Monday, April 16, 2012


note that the operative phrase is "could have". In other words, they really don't know.


EXPERTS believe the deaths of nearly 3,000 dolphins washed up on beaches in Peru could have been caused by sonar blasts used by firms to find oil under the sea.

The biggest of a number of beachings involved 1,500 of the mammals. They were found by staff from a marine coastal reserve in Piura. Just two weeks later later 615 dolphins washed up dead on beaches in the city of Lambayeque last month.

Peruvian scientists are investigating acoustic surveying carried out by companies looking for oil. The sonar blasts can damage the dolphins’ ears, causing intense pain and difficulty breathing.

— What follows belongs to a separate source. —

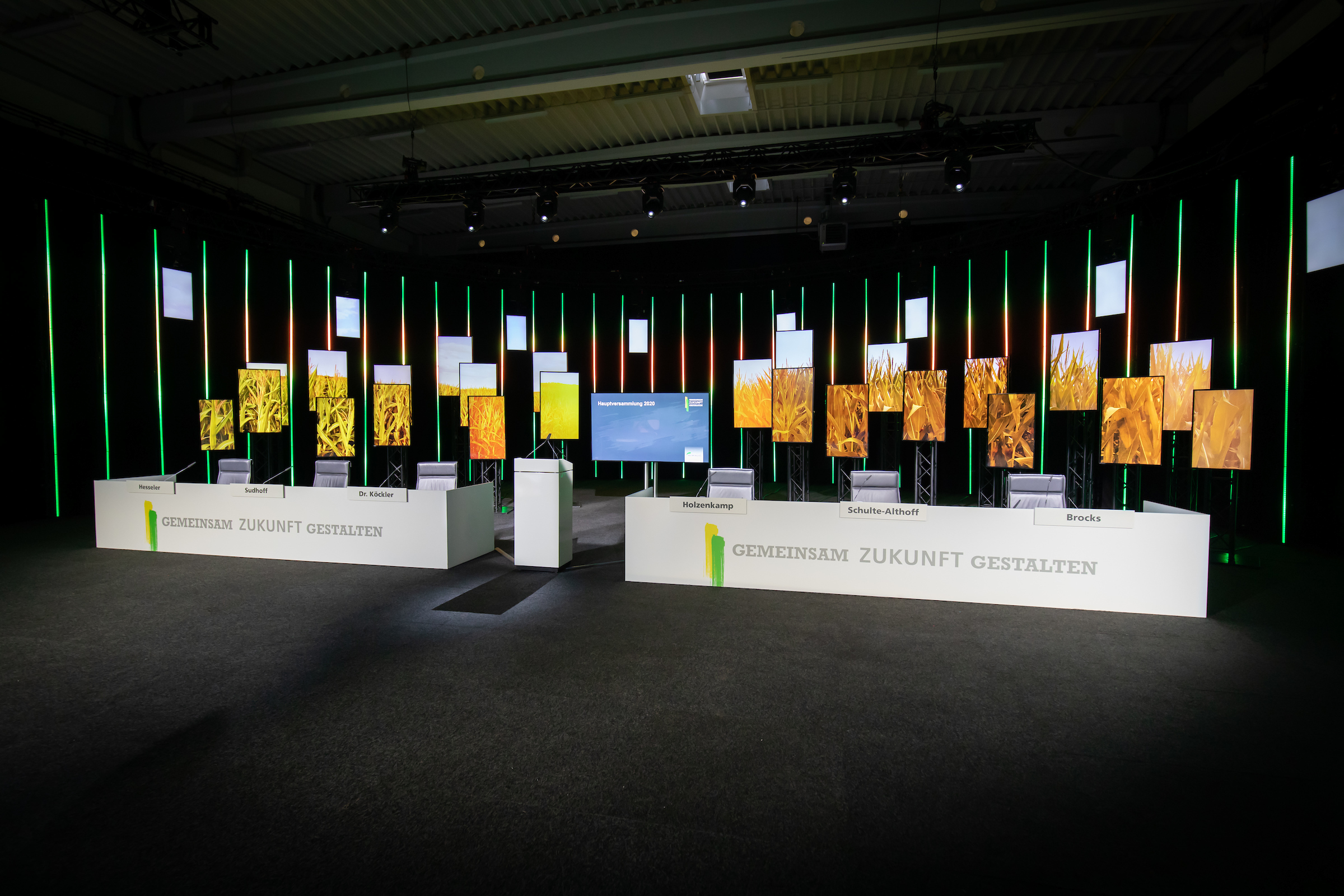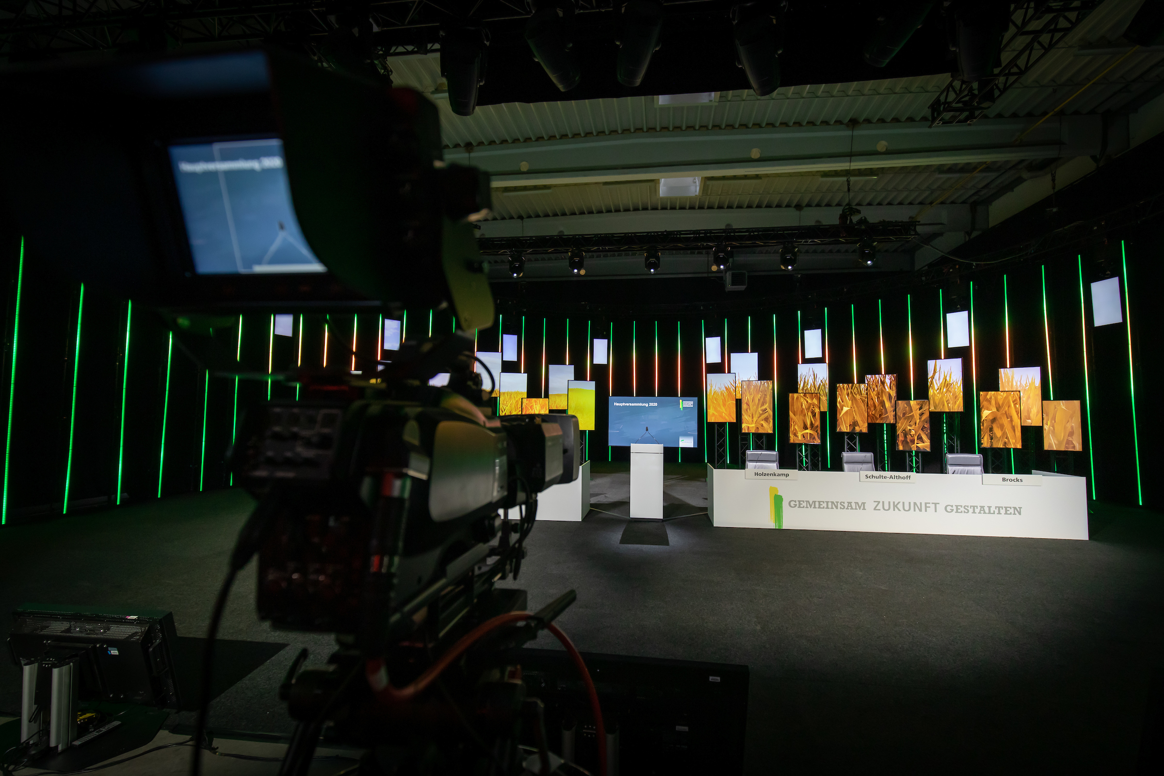 Die Hauptversammlung 2020 der AGRAVIS Raiffeisen AG wurde als virtuelles Format in einem der POOLgroup-Studios in Emsdetten umgesetzt. Die POOLgroup verantwortete – in enger Zusammenarbeit mit der AGRAVIS-Konzernagentur terres’agentur GmbH – die räumliche und technische Planung sowie die Gesamtumsetzung.

Dr Carlos Yaipen-Llanos, who is carrying out tests on the species, said: “Evidence points to acoustic impact but we are also looking to see if any diseases added to this unusual mortality event.” British environmentalist Mark Simmonds, of the Whale and Dolphin Conservation Society, believes fishing nets may also be to blame. He said similar incidents happened in Europe 30 years ago when dolphins suffocated after being caught in nets.

About 90 per cent of the dead creatures are long-beaked common dolphins. The rest are Burmiester’s porpoises that come inshore to calve.